Technical parameters you can use
Motion control parameters
--motion low: Subtle movements (this is the default)
--motion high: More dramatic action
--raw: Gives you precise motion control
Other parameter
--video 1: Specifies version 1 of the video feature (we can expect Midjourney is going to launch other even better video versions in the future)
Important notes:
Starting aspect ratios might change in the final video
Output quality is 480p (standard definition)
Any image parameters get automatically removed during video generation
You can use third-party Upscalers to improve video quality
Navigation tips that actually help
The interface takes some getting used to. Here are the tricks I've learned:
Playing videos:
Hover your mouse over the video thumbnail to play (or click on it to enlarge)
Hold Ctrl/Command while moving your mouse to scrub (move quickly) through the video frames
Like this:
Finding your original image:
After generating a video, scrolling down to find the original images to change the prompt or image (especially for older images) can be tedious
Two ways to edit the prompt:
(a) Click everything on the side panel to edit
(b) Use the thumbnail to get to other similar images in the grid
Hover over the video to reveal the original image thumbnail
Click that thumbnail to return to the source image
Pro Tip: This last tip saves a lot of scrolling through your gallery.
Saving and exporting the video file
You can save the video as is for video editing purposes or "Save for Social Media" to lessen the video's over-compression by social media.

Early impressions and practical advice
After spending time with this feature, I'm genuinely impressed. The movements feel natural, and the cost isn't unreasonable compared to alternatives.
Pro Tips:
Describe both the main subject's action and the things that happen in the background. The bot understands two or three actions in my early testing.
Describe the camera movement e.g. camera zooms in, camera zooms out, shaky camera movement (esp. during explosion) to drastically enhance the output
Use manual mode and --raw when you have specific movement ideas
Save your fast hours by using relax mode when available
Avoid using Upscaled or high-resolution materials. The bot will compress your video to 480p so you may get more artifacts. Use the "normal" images (before Upscale) or lower resolution images.
The 21-second extension capability opens up real possibilities for short social media content or presentation elements. While 480p isn't spectacular, it's workable for many online uses.
This feels like a solid foundation. Version 1 limitations aside, Midjourney has created something genuinely useful here. I suspect we'll see rapid improvements in quality and features over the coming months.

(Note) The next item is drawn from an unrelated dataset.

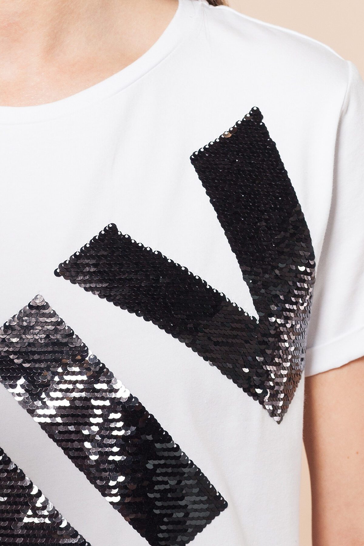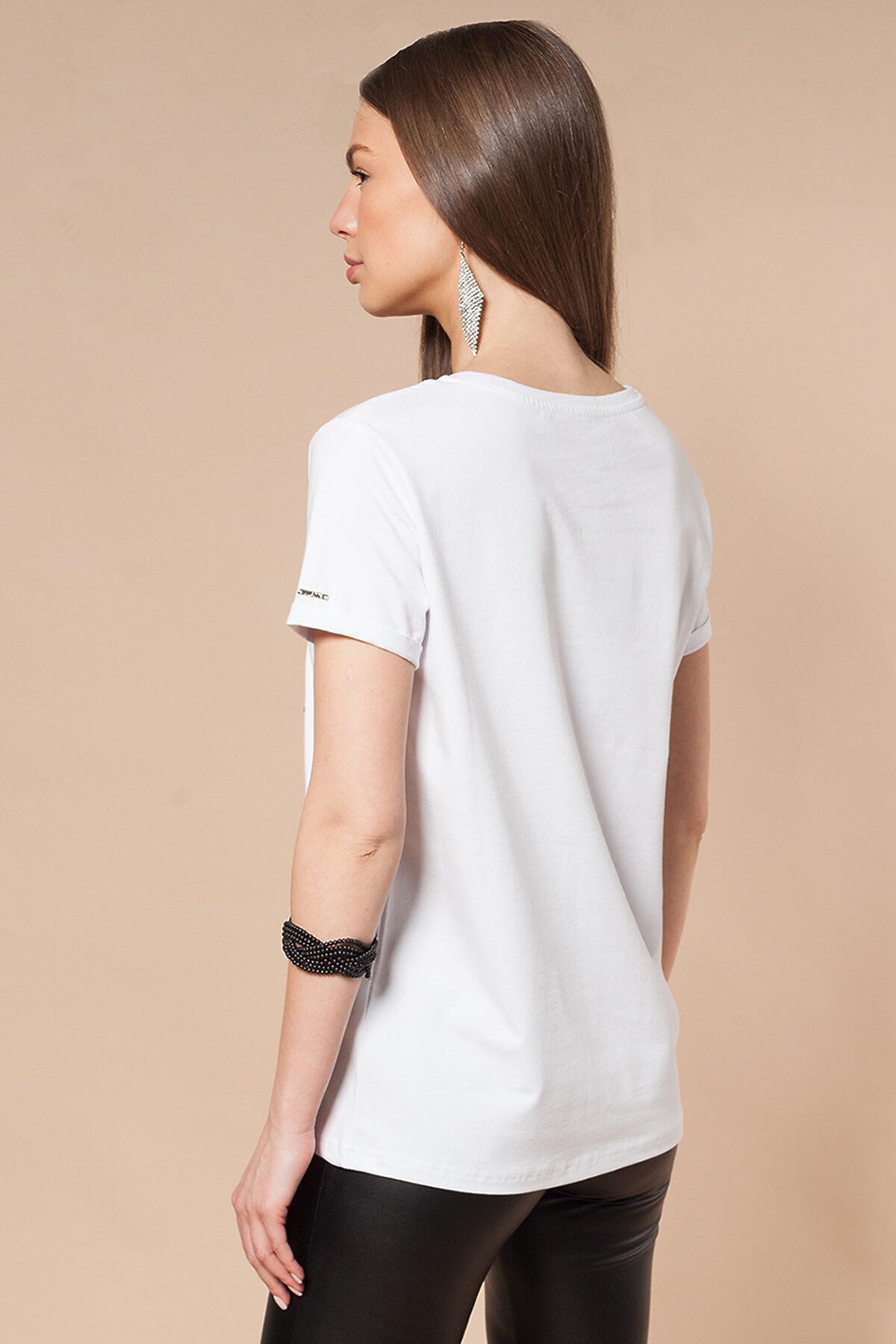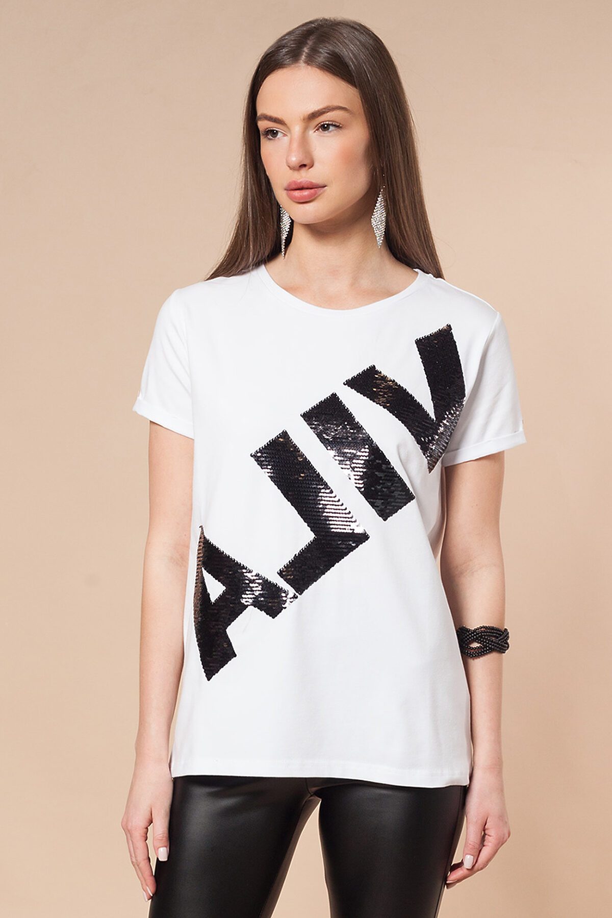 Футболка прямая с коротким рукавом, с золотистым принтом и вышивкой пайетками. ВНИМАНИЕ!!! При выборе размера опирайтесь на фотографию с замерами изделия!

The image-to-video space just got a lot more interesting, and this tool puts decent video generation within reach of anyone already using Midjourney.
Related articles
Key takeaways
Midjourney has launched a new image-to-video feature that converts any static image into a 5-second video, extendable up to 21 seconds, with smooth and natural-looking motion that retains Midjourney’s distinctive aesthetic.

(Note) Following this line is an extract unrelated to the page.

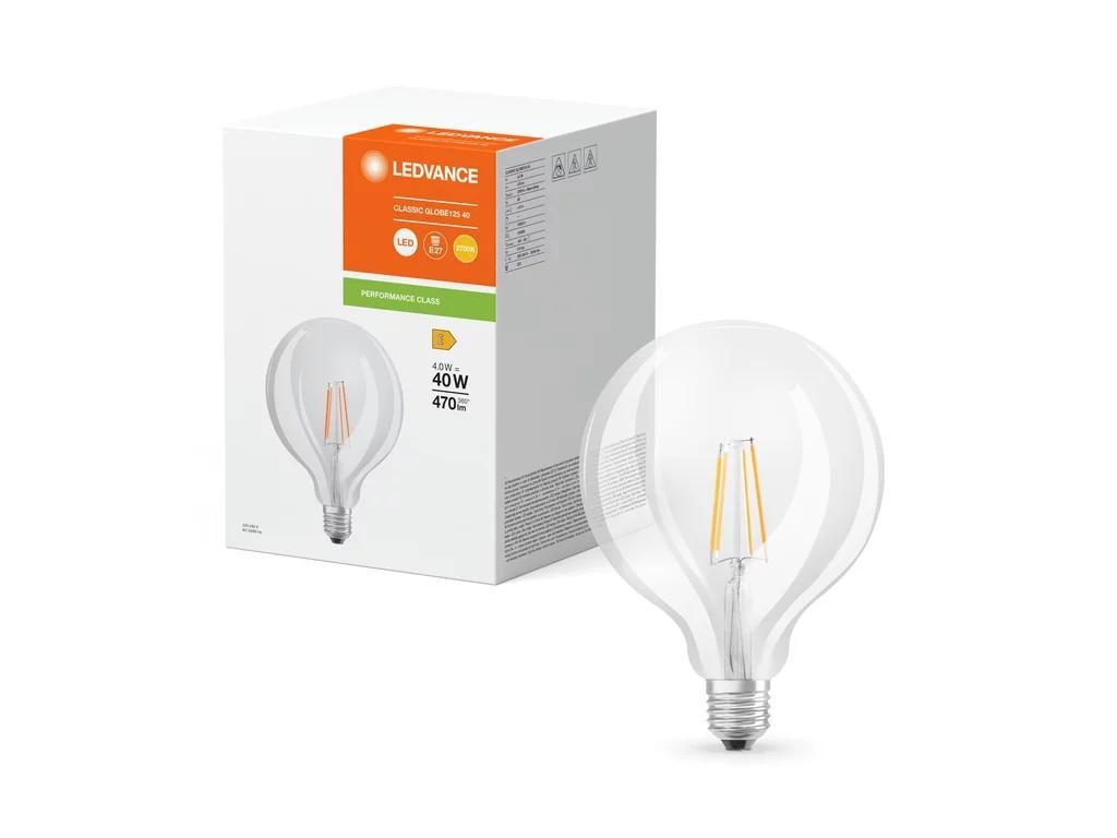 A LEDVANCE , LED CLASSIC Globe P , LED égő , E27 , 4 W , 2700 K , Meleg fehér , IP20 , Átlátszó leírása:

The feature offers four modes for animation: auto low/high motion and manual low/high motion, allowing users to choose between subtle or dramatic movements, with manual modes providing more precise control via prompts.
Available exclusively on midjourney.com, this video generation costs about eight times more GPU time than image generation but remains roughly 25 times cheaper than other AI video tools; output quality is 480p, suitable for social media and presentations, with ongoing improvements expected very soon.
Cover prompt: the discovery of a new world --ar 16:9 --sref 2996354975 --profile r3snb8i --sv 4 --v 7
I hope you like this article!
Thank you for reading and happy creating!